▶ _DIRECTIONS_: Give the records again, word for word.

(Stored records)

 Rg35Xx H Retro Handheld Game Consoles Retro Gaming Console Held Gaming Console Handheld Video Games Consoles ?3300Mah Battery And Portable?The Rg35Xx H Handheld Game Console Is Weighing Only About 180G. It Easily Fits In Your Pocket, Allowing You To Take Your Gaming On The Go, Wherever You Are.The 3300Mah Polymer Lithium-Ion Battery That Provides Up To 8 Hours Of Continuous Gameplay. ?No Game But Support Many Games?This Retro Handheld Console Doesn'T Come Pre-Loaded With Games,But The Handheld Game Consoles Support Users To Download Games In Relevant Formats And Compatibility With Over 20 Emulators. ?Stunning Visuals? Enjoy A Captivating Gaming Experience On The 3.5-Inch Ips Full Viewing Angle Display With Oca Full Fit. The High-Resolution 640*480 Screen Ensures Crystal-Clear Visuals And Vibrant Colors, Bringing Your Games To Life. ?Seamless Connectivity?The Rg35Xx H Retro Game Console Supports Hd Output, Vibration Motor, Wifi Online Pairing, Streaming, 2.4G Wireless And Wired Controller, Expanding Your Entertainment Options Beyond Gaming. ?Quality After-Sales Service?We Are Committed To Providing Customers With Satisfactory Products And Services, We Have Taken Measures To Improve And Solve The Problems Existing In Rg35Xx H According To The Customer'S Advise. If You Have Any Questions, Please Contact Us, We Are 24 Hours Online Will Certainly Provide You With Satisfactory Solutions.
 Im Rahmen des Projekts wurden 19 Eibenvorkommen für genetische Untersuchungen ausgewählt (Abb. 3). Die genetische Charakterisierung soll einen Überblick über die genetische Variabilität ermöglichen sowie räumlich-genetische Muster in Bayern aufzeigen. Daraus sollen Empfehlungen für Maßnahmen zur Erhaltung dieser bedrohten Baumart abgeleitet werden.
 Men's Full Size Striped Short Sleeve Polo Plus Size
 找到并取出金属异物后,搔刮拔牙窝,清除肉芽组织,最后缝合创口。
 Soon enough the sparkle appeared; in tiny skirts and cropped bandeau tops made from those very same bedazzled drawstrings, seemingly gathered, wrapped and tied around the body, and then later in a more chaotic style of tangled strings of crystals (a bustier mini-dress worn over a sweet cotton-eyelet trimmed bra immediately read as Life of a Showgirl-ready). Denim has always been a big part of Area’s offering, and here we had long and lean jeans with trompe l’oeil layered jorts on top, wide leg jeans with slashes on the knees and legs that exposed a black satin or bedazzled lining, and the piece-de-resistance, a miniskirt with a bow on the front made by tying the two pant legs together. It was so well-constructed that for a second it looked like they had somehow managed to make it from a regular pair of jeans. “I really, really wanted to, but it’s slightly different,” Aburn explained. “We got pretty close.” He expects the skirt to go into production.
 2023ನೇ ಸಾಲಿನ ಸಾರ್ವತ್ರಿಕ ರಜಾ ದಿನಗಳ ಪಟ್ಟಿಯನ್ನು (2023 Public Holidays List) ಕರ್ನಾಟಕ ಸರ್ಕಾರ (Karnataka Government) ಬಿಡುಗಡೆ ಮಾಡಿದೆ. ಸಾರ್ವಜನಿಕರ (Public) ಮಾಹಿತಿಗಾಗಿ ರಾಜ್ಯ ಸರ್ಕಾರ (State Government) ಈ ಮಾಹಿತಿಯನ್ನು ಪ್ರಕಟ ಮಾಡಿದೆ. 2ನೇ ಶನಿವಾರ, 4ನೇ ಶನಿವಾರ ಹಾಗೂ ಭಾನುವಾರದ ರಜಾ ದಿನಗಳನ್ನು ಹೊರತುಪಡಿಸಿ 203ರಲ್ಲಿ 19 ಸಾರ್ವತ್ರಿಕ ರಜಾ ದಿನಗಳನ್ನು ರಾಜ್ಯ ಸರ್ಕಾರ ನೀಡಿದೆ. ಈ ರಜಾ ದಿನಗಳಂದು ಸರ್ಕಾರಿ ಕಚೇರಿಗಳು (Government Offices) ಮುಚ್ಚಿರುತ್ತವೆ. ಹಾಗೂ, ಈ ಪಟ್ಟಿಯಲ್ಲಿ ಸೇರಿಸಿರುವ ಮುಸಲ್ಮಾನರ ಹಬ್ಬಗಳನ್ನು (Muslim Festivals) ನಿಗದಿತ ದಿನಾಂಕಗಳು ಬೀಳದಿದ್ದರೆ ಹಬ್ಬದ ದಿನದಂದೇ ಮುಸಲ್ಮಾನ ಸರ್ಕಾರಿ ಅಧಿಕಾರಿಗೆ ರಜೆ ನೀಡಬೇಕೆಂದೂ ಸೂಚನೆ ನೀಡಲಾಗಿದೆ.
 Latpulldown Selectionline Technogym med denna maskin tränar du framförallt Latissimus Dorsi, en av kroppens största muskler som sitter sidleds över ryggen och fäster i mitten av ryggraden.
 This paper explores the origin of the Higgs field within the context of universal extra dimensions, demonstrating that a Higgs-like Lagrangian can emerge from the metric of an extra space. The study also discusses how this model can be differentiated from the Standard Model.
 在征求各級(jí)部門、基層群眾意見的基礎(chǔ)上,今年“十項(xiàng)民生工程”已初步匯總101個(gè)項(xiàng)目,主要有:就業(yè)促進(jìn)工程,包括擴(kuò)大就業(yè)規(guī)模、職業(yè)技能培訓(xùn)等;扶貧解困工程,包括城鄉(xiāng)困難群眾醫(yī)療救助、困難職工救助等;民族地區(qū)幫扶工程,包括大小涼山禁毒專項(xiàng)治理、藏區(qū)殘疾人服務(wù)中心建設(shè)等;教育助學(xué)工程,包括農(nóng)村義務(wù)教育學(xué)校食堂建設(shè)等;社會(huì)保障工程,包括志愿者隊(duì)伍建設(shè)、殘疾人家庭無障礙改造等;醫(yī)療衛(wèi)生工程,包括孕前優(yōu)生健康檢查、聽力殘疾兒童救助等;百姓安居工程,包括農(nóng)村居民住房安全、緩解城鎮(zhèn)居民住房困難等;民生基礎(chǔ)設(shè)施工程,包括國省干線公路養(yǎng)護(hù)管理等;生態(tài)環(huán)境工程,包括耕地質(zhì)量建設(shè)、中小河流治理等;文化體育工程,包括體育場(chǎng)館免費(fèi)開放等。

▶ _RESULT OF THIS TASK_:
 Rg35Xx H Retro Handheld Game Consoles Retro Gaming Console Held Gaming Console Handheld Video Games Consoles ?3300Mah Battery And Portable?The Rg35Xx H Handheld Game Console Is Weighing Only About 180G. It Easily Fits In Your Pocket, Allowing You To Take Your Gaming On The Go, Wherever You Are.The 3300Mah Polymer Lithium-Ion Battery That Provides Up To 8 Hours Of Continuous Gameplay. ?No Game But Support Many Games?This Retro Handheld Console Doesn'T Come Pre-Loaded With Games,But The Handheld Game Consoles Support Users To Download Games In Relevant Formats And Compatibility With Over 20 Emulators. ?Stunning Visuals? Enjoy A Captivating Gaming Experience On The 3.5-Inch Ips Full Viewing Angle Display With Oca Full Fit. The High-Resolution 640*480 Screen Ensures Crystal-Clear Visuals And Vibrant Colors, Bringing Your Games To Life. ?Seamless Connectivity?The Rg35Xx H Retro Game Console Supports Hd Output, Vibration Motor, Wifi Online Pairing, Streaming, 2.4G Wireless And Wired Controller, Expanding Your Entertainment Options Beyond Gaming. ?Quality After-Sales Service?We Are Committed To Providing Customers With Satisfactory Products And Services, We Have Taken Measures To Improve And Solve The Problems Existing In Rg35Xx H According To The Customer'S Advise. If You Have Any Questions, Please Contact Us, We Are 24 Hours Online Will Certainly Provide You With Satisfactory Solutions.
 Im Rahmen des Projekts wurden 19 Eibenvorkommen für genetische Untersuchungen ausgewählt (Abb. 3). Die genetische Charakterisierung soll einen Überblick über die genetische Variabilität ermöglichen sowie räumlich-genetische Muster in Bayern aufzeigen. Daraus sollen Empfehlungen für Maßnahmen zur Erhaltung dieser bedrohten Baumart abgeleitet werden.
 Men's Full Size Striped Short Sleeve Polo Plus Size
 找到并取出金属异物后,搔刮拔牙窝,清除肉芽组织,最后缝合创口。
 Soon enough the sparkle appeared; in tiny skirts and cropped bandeau tops made from those very same bedazzled drawstrings, seemingly gathered, wrapped and tied around the body, and then later in a more chaotic style of tangled strings of crystals (a bustier mini-dress worn over a sweet cotton-eyelet trimmed bra immediately read as Life of a Showgirl-ready). Denim has always been a big part of Area’s offering, and here we had long and lean jeans with trompe l’oeil layered jorts on top, wide leg jeans with slashes on the knees and legs that exposed a black satin or bedazzled lining, and the piece-de-resistance, a miniskirt with a bow on the front made by tying the two pant legs together. It was so well-constructed that for a second it looked like they had somehow managed to make it from a regular pair of jeans. “I really, really wanted to, but it’s slightly different,” Aburn explained. “We got pretty close.” He expects the skirt to go into production.
 2023ನೇ ಸಾಲಿನ ಸಾರ್ವತ್ರಿಕ ರಜಾ ದಿನಗಳ ಪಟ್ಟಿಯನ್ನು (2023 Public Holidays List) ಕರ್ನಾಟಕ ಸರ್ಕಾರ (Karnataka Government) ಬಿಡುಗಡೆ ಮಾಡಿದೆ. ಸಾರ್ವಜನಿಕರ (Public) ಮಾಹಿತಿಗಾಗಿ ರಾಜ್ಯ ಸರ್ಕಾರ (State Government) ಈ ಮಾಹಿತಿಯನ್ನು ಪ್ರಕಟ ಮಾಡಿದೆ. 2ನೇ ಶನಿವಾರ, 4ನೇ ಶನಿವಾರ ಹಾಗೂ ಭಾನುವಾರದ ರಜಾ ದಿನಗಳನ್ನು ಹೊರತುಪಡಿಸಿ 203ರಲ್ಲಿ 19 ಸಾರ್ವತ್ರಿಕ ರಜಾ ದಿನಗಳನ್ನು ರಾಜ್ಯ ಸರ್ಕಾರ ನೀಡಿದೆ. ಈ ರಜಾ ದಿನಗಳಂದು ಸರ್ಕಾರಿ ಕಚೇರಿಗಳು (Government Offices) ಮುಚ್ಚಿರುತ್ತವೆ. ಹಾಗೂ, ಈ ಪಟ್ಟಿಯಲ್ಲಿ ಸೇರಿಸಿರುವ ಮುಸಲ್ಮಾನರ ಹಬ್ಬಗಳನ್ನು (Muslim Festivals) ನಿಗದಿತ ದಿನಾಂಕಗಳು ಬೀಳದಿದ್ದರೆ ಹಬ್ಬದ ದಿನದಂದೇ ಮುಸಲ್ಮಾನ ಸರ್ಕಾರಿ ಅಧಿಕಾರಿಗೆ ರಜೆ ನೀಡಬೇಕೆಂದೂ ಸೂಚನೆ ನೀಡಲಾಗಿದೆ.
 Latpulldown Selectionline Technogym med denna maskin tränar du framförallt Latissimus Dorsi, en av kroppens största muskler som sitter sidleds över ryggen och fäster i mitten av ryggraden.
 This paper explores the origin of the Higgs field within the context of universal extra dimensions, demonstrating that a Higgs-like Lagrangian can emerge from the metric of an extra space. The study also discusses how this model can be differentiated from the Standard Model.
 在征求各級(jí)部門、基層群眾意見的基礎(chǔ)上,今年“十項(xiàng)民生工程”已初步匯總101個(gè)項(xiàng)目,主要有:就業(yè)促進(jìn)工程,包括擴(kuò)大就業(yè)規(guī)模、職業(yè)技能培訓(xùn)等;扶貧解困工程,包括城鄉(xiāng)困難群眾醫(yī)療救助、困難職工救助等;民族地區(qū)幫扶工程,包括大小涼山禁毒專項(xiàng)治理、藏區(qū)殘疾人服務(wù)中心建設(shè)等;教育助學(xué)工程,包括農(nóng)村義務(wù)教育學(xué)校食堂建設(shè)等;社會(huì)保障工程,包括志愿者隊(duì)伍建設(shè)、殘疾人家庭無障礙改造等;醫(yī)療衛(wèi)生工程,包括孕前優(yōu)生健康檢查、聽力殘疾兒童救助等;百姓安居工程,包括農(nóng)村居民住房安全、緩解城鎮(zhèn)居民住房困難等;民生基礎(chǔ)設(shè)施工程,包括國省干線公路養(yǎng)護(hù)管理等;生態(tài)環(huán)境工程,包括耕地質(zhì)量建設(shè)、中小河流治理等;文化體育工程,包括體育場(chǎng)館免費(fèi)開放等。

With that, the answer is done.